ACS Service Limitations

Published: April 7, 2011

Updated: December 9, 2011

Applies To: Windows Azure

Rules Executed Eight Times per Input Token

Whenever ACS receives an input token for a relying party application, the ACS rules engine executes all rules associated with that relying party application simultaneously. If the rules output additional claims not present in the input token, then all rules are executed again with those claims as the input values. Rule execution stops when no new claims are issued after an execution completes, or eight executions have completed (whichever comes first).

Management Service Limits Query Results

When using the Management Service to query rule groups for rules, the service limits the query result to no more than 100 rules. This is because the Management Service uses the Open Data (OData) protocol and returning 100 objects at a time (paging) is standard behavior for OData endpoints.
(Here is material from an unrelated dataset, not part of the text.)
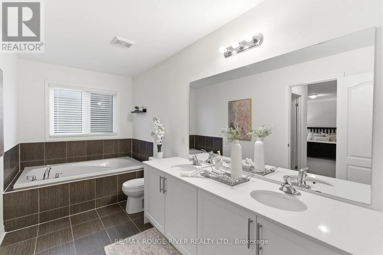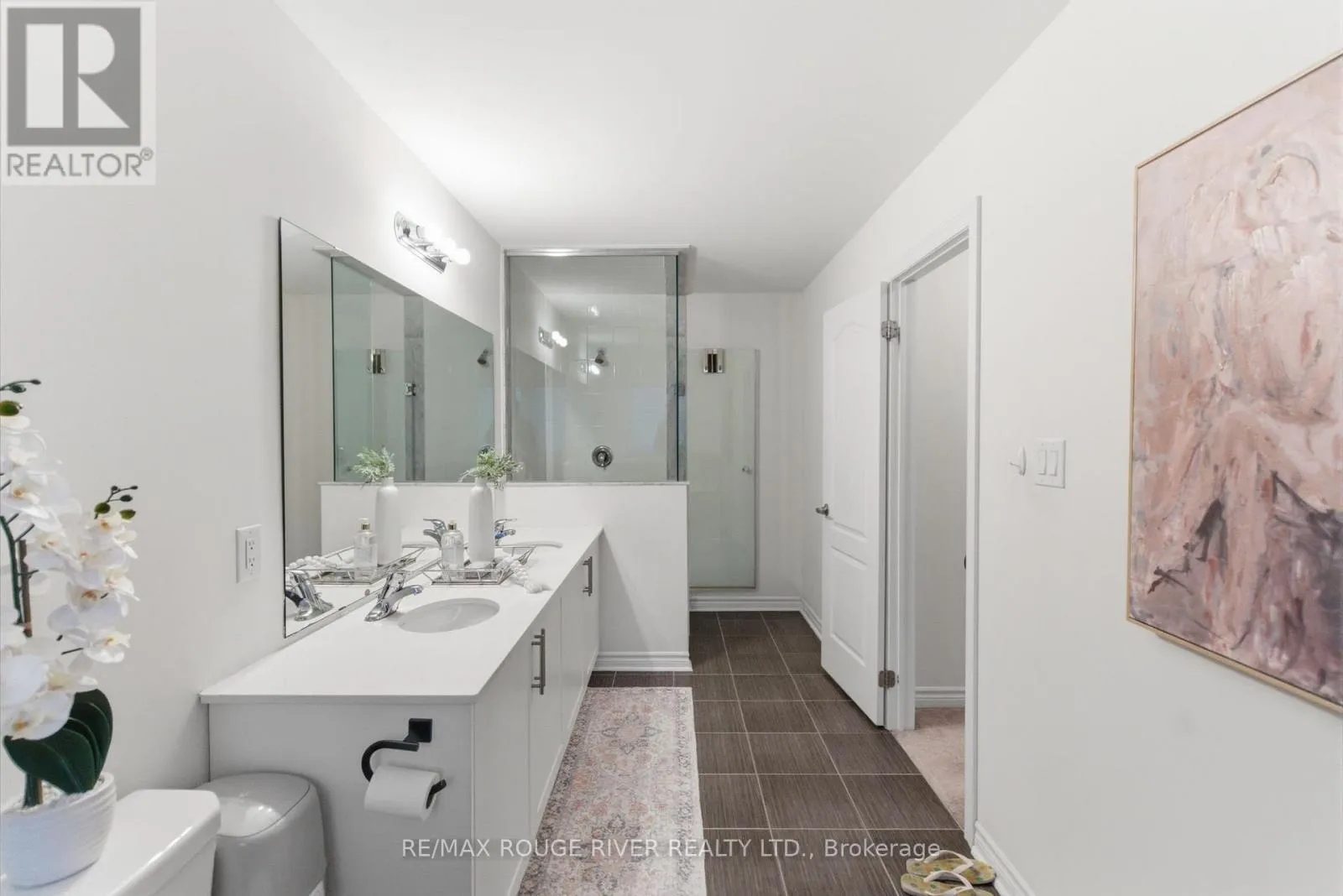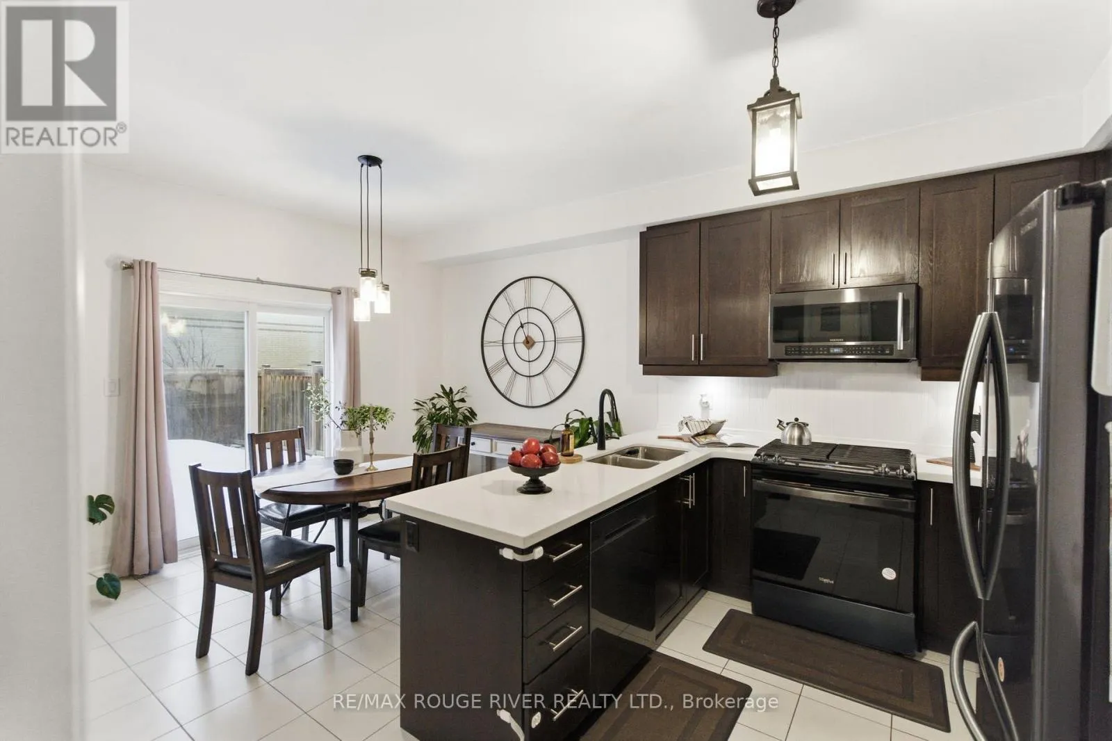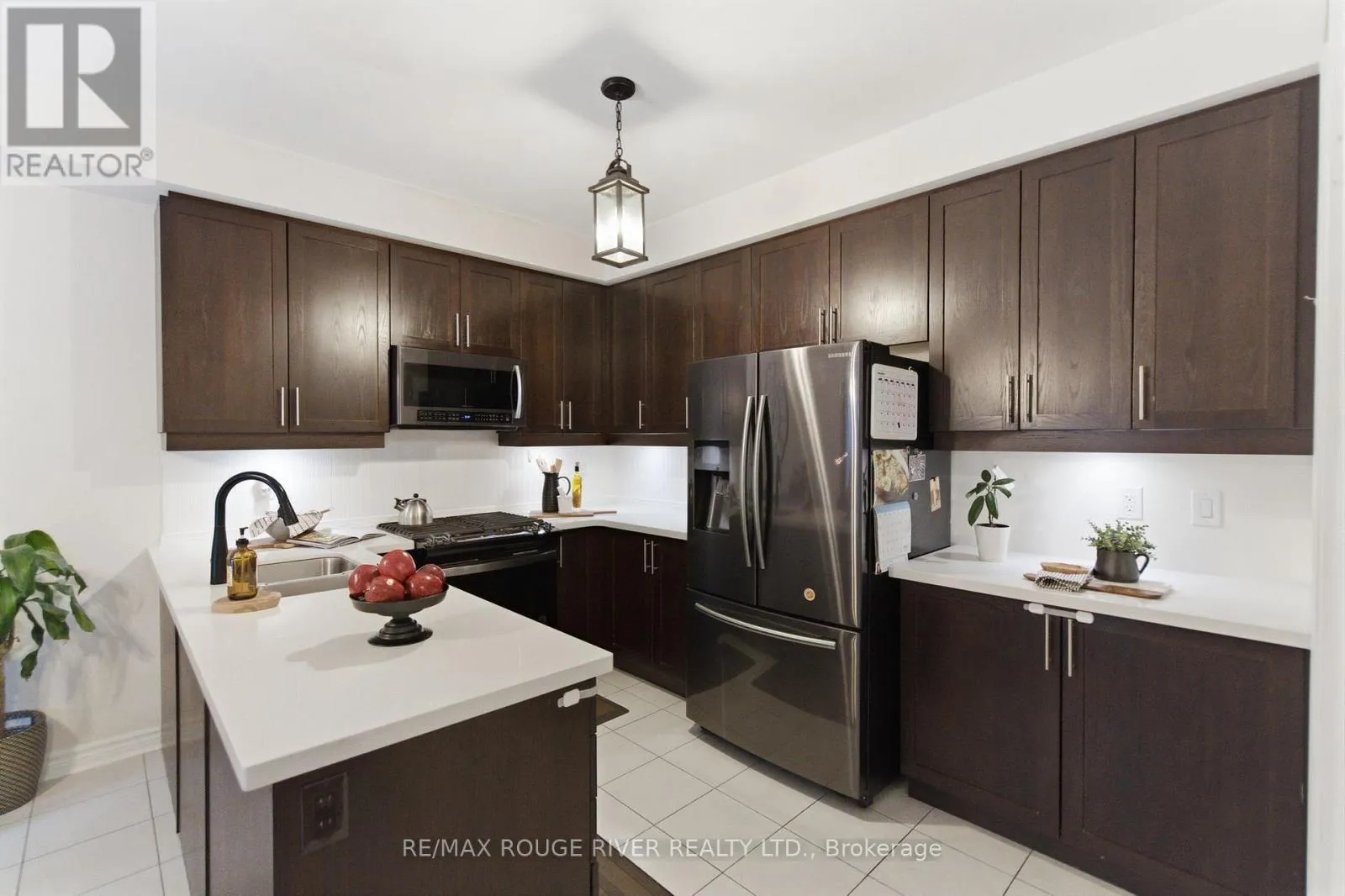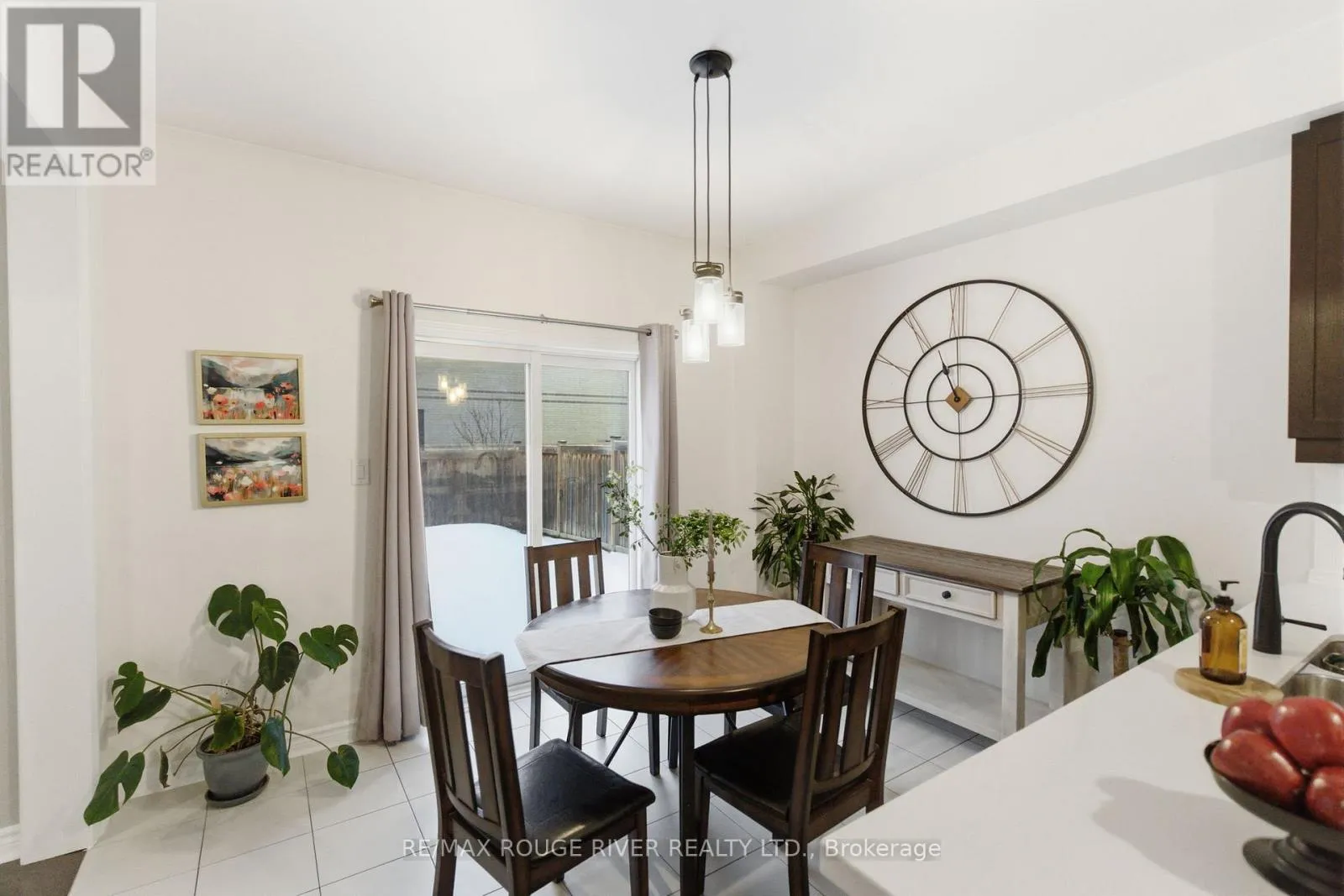 Cross Streets: Bloor/Prestonvale. ** Directions: From Prestonvale Rd go West on Cale Ave. Step into this beautifully designed open-concept family home, built in 2016 by Preston Homes. The main floor boasts 9-foot ceilings, hardwood and ceramic flooring, and a bright, inviting living room overlooking the backyard, complete with California shutters. Adjacent is the formal dining room with elegant hardwood floors and ample natural light, flowing seamlessly into the kitchen and breakfast area. The kitchen features quartz countertops, black Samsung stainless steel appliances, and a breakfast space with walkout access to the private backyard. A convenient main floor laundry adds to the practicality of this level. Upstairs, the primary bedroom offers a luxurious 5-piece ensuite and his-and-hers walk-in closets. Three additional bedrooms provide plenty of space for family and guests, each with broadloom flooring and ample closet space. The partially finished basement offers a versatile recreation area, pot lighting, windows for natural light, and rough-ins for a kitchenette and 3-piece bathroom, along with a cold room for added storage. Outside, the backyard is private and family-friendly, backing onto Dr. G.J. MacGillivray Public School, offering peace of mind and convenience. The property features professionally landscaped front, back, and side yards, creating an inviting outdoor space for play, relaxation, and entertaining. Ideally located, this home offers easy access to Durham Oshawa GO Station and Courtice GO Bus Stop for effortless commuting. Recreation is just steps away, with South Courtice Arena within walking distance and Clarington Public Library only a short drive. With every detail carefully considered, this home perfectly balances style, comfort, and practicality for modern family living. (id:27476)

The result size for each of the ACS entities is as follows:

• Rules: 100
  
  
• Everything else: 50
  
  

Larger result sets can only be handled by implementing paging in your Management Service client code. For pagination examples, see How to: Load Paged Results (WCF Data Services) (http://go.microsoft.com/fwlink/?LinkID=193452).

Incoming Claims Limit

In order for the ACS to process and successfully issue a security token, the number of claims in the incoming token must be equal to or no greater than 80. If the number of the incoming claims is greater than 80, the following error message is generated: The number of input claims (#) exceeds the limit (80).